Rice Header
CAAM Header

Colloquium - 3/18, 3:00PM, Duncan Hall 1064

Michael Trosset

Department of Statistics
Indiana University

"Out-of-Sample Embedding"

Various problems in statistics and machine learning necessitate embedding new objects in an existing Euclidean space without disturbing a previously embedded configuration of points. In machine learning, this activity is widely known as out-of-sample embedding.

If embedding is performed by a method that makes use of Cartesian coordinates, then the out-of-sample problem is easy to formulate and the challenges are purely computational. After reviewing some possibilities, I will turn to the less intuitive case in which embedding is performed by classical multidimensional scaling (CMDS), which recovers principal component representations from Euclidean inner products. This is the case that has been emphasized in the machine learning literature.
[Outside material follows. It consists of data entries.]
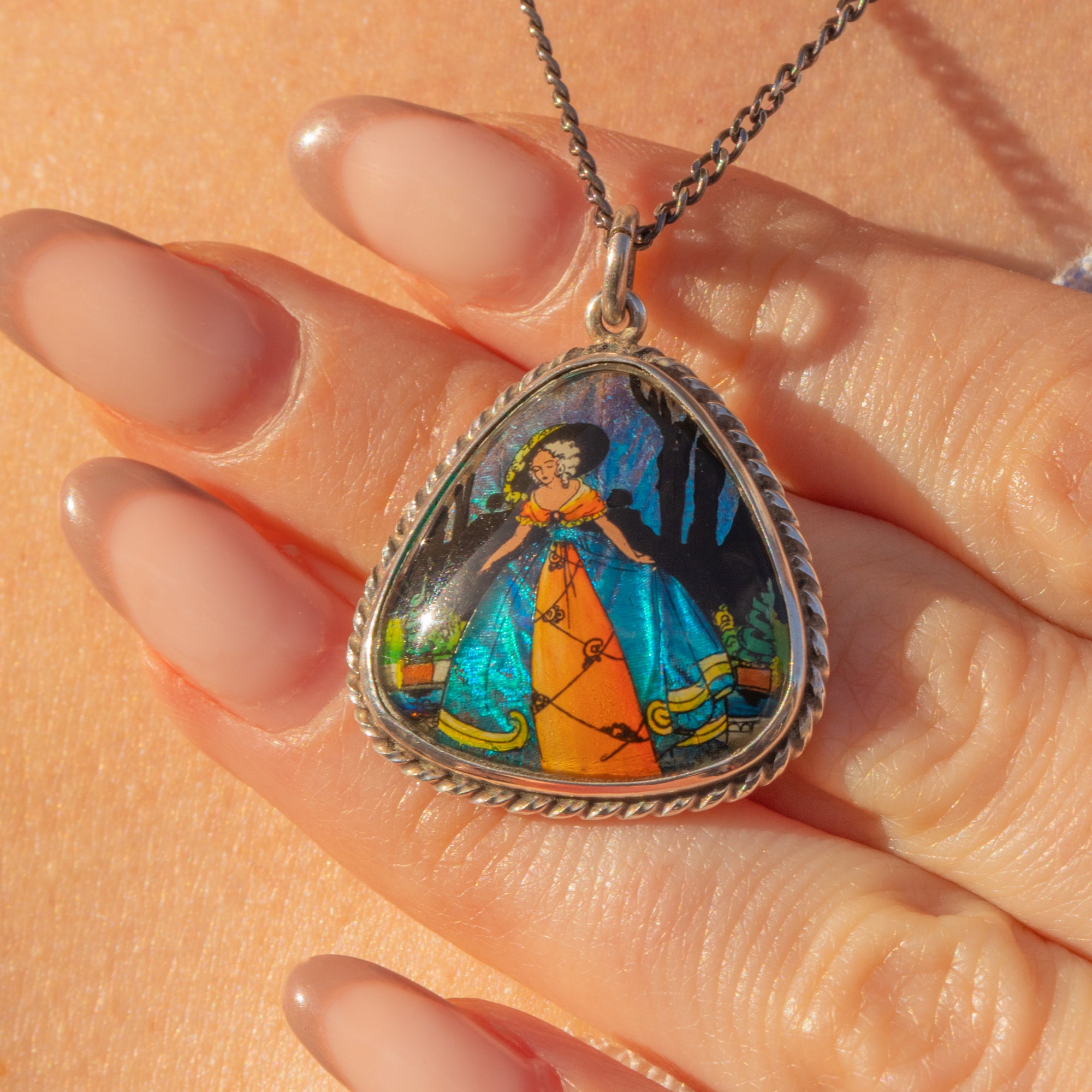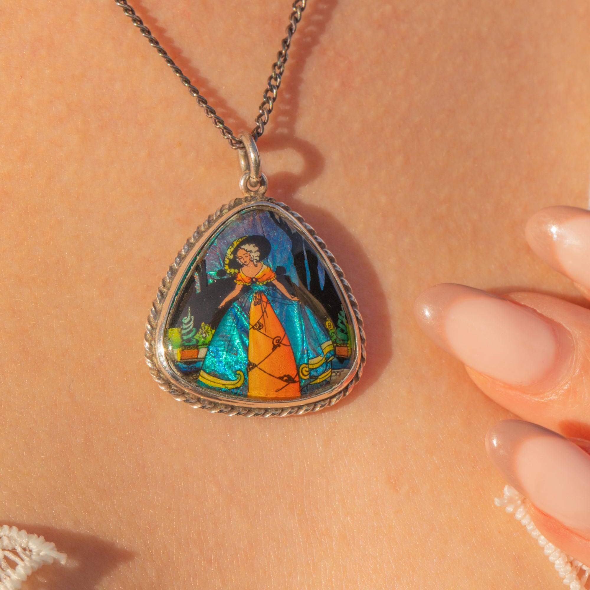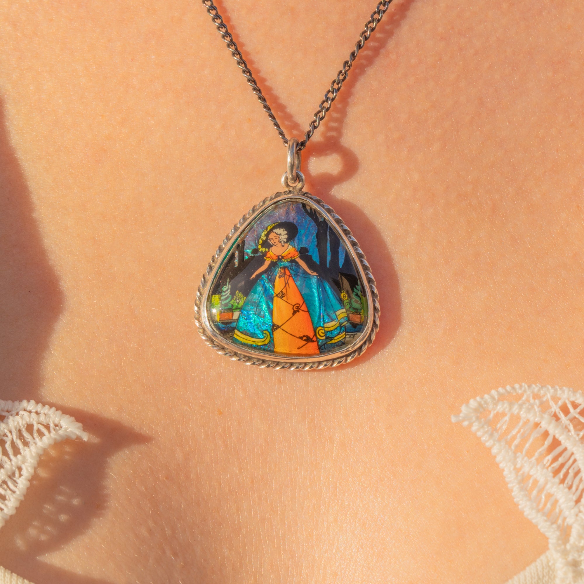 This Art Deco Silver butterfly wing crinoline lady pendant will quickly become the most charming piece in your antique jewellery collection!
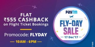 (Over) Paytm FLYDAY: Flat Rs 555 Cashback + Free Meal with...
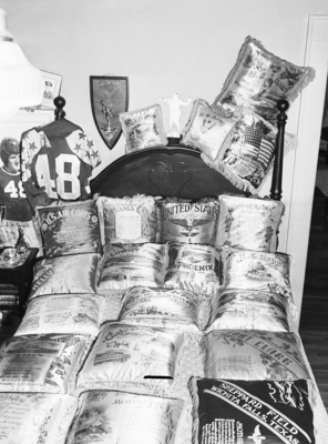Evidence that Lena Pope Home boys now in Uncle Sam's service aren't forgetting the home or its "mother," Mrs. E. H. Pope, are these souvenir pillows sent her from points as far away as China, Greenland and Alaska, by her former "boys" who are in all branches of the service. The souvenir pillow idea was started last Mothers Day by six service men on furlough who came back to visit the home where they spent their childhood. The various pillows are displayed on a bed and over the headboard. Most pillows commemorate a state, a branch of service or a poem about mother. Most pillows are of silk material with tassels in the borders. At one end of the bed is a football "48" jersey and other football memorabilia. Published in the Fort Worth Star-Telegram morning edition, October 26, 1941.
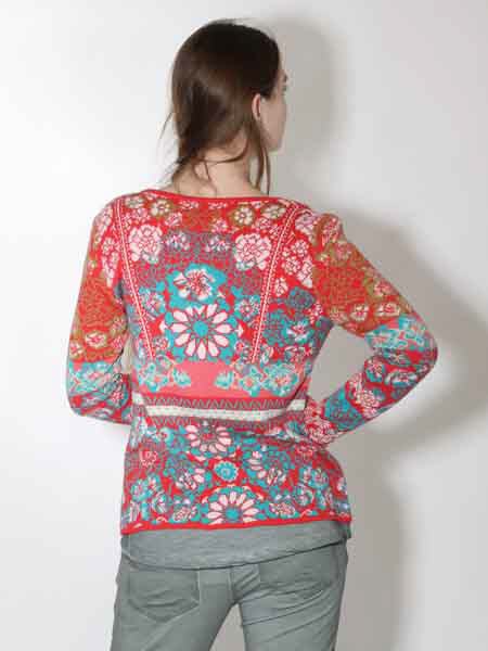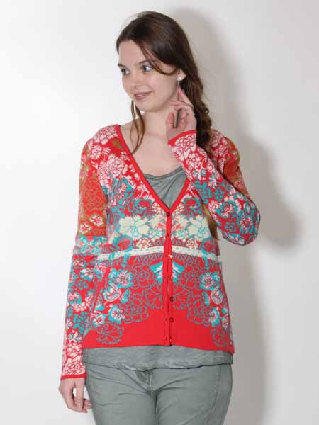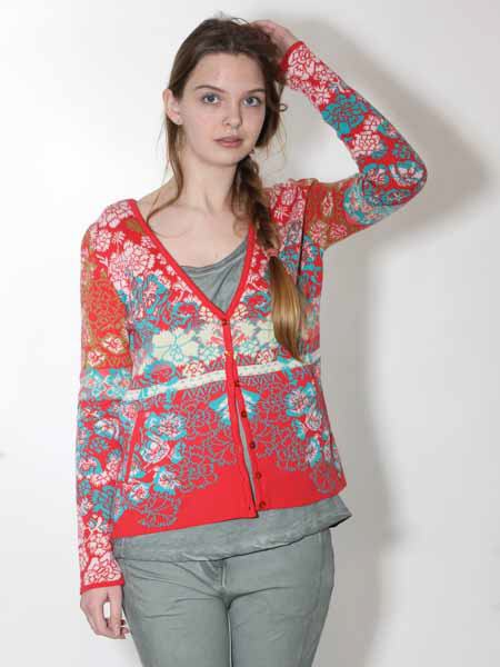 sind die Muster dieser süßen Strickjacke von Kooi, im Jacquardmuster gestrickt, Natur pur aus Baumwolle, in den Farben rot, grün, weiß, lindgrün. Sie wird mit kleinen Perlmuttknöpfen geschlossen. Sie ist leicht tailliert, hat 2 Pattentaschen und lange Ärmel. Länge ca. 62 cm.
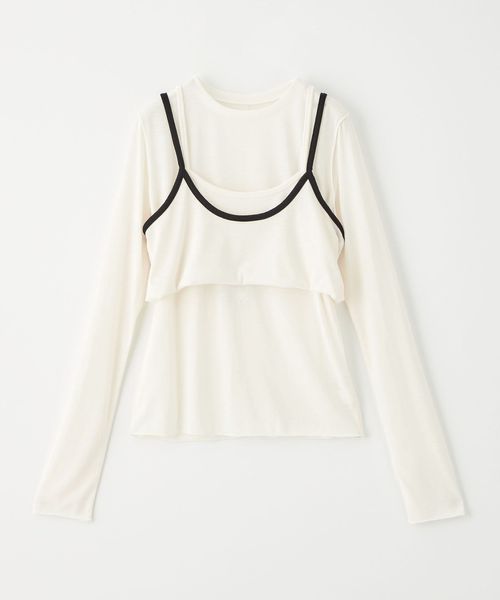 程よいシアー感が魅力のシアートップスとキャミソールのレイヤードセットアイテム。
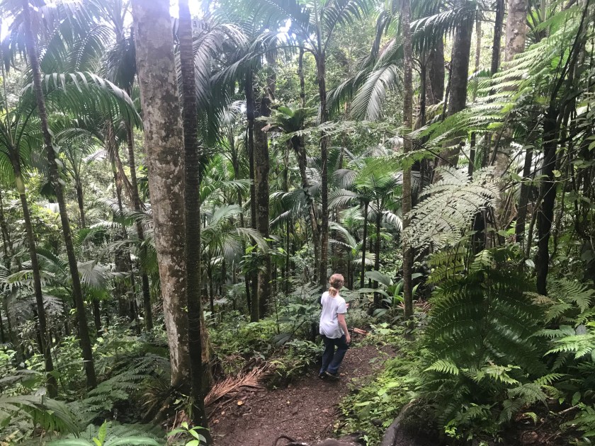 One place we were guaranteed to escape the hordes was my chosen family treat for Easter Sunday, which was to turn the family out of their bunks at 6am so we could climb to the top of Mount Liamuiga, the dormant volcano that dominates the landscape of St Kitts. I first read about the walk in the Lonely Planet guide which said it was “tough, tough, tough” and shouldn’t be attempted without a guide. I then kept googling (as you do!) until I read a review that said it wasn’t really that bad and you certainly didn’t need a guide. So off we went. I have to say hats off to the children, for lack of bleating. I think it actually stunned them into silence as it was a tough uphill walk followed by a significant climb up boulders, tree roots and scree slopes which required a lot of stretching for the shorter limbed members of the family. To my great delight, we were actually walking inside rainforest, with the canopy intact and providing complete shade, the sounds of monkeys and elusive birds and the smell of rotting vegetation. Heavenly.

I will review several ideas for out-of-sample extensions of CMDS, then describe a principled solution in which the out-of-sample extension is formulated as an unconstrained nonlinear least squares problem. The objective function is a fourth-order polynomial, easily minimized by standard gradient-based methods for numerical optimization. More importantly, this formulation provides deeper insight into what earlier proposals accomplish.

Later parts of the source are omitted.